BAGHDAD, March 27 — The bombs crashed that morning on Baghdad, declaring war. At nightfall, Karima, a mother of eight, took her eldest son to the bus station, sending him off to fight in the north.
Their farewell was infused with the deeply religious idiom of Arabic, phrases at once formal and personal. “God be with you,” she remembered saying, as her 20-year-old son boarded the rickety red bus for Mosul, a 30-cent fare in his hand. “God protect you.”
Those words, spoken a week ago, were their last.
Her son, a tall, gaunt soldier known for his generosity, traveled five hours to man an antiaircraft battery in Bartalah, about 25 miles north of Mosul. She returned to her three-room apartment, tears running down her face, under a black veil.
“A mother’s heart rests on her son’s heart,” she said. “Every hour, I cry for him.”
In a city scarred on its surface by bombing and deep in its psyche by years of hardship, a week-old war is only her latest tragedy. The story of Karima is perhaps most remarkable for how unexceptional it is.
A short woman with worn hands, she has no money, no work other than selling chewing gum from a canvas mat in the street, and the dearth of hope that forces so many in this once-proud city to put their faith and future in God’s hands.
Speaking to a journalist, without the presence of a government escort, Karima expressed sentiments in Baghdad today that seemed confusing, even contradictory. Yet they remain common, coloring the Iraqi capital as it enters its second week of war.
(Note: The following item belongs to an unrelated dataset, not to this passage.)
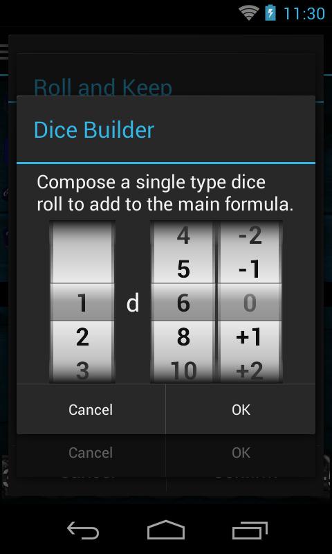 The dice can be added at will and organized in dice bags. Each die is defined by a formula such as 2d6+5 as well as special functions like rak(1d6,4,3) that allow to emulates the most complex game systems. An handy formulas builder simplifies the process, and allow to access to an online help. Check the list of all supported functions here: http://goo.gl/mZkcQS

She is a Shiite Muslim in a land ruled by a relentlessly repressive government dominated by Sunni Muslims. She takes pride in her son’s service in the army, but deems the war a waste and waits for news she hopes will never come. Her five daughters reflexively break into a chant in support of President Saddam Hussein, perhaps more out of fear than fealty. In more reflective moments, they speak not of defending his government, but of protecting their homes, their country and their faith from a war they consider an invasion.
Most telling are their priorities. They speak not of politics, not of ideology, but of survival.
“God willing, the war won’t last long,” Karima said. “I wish it wouldn’t have lasted one day.”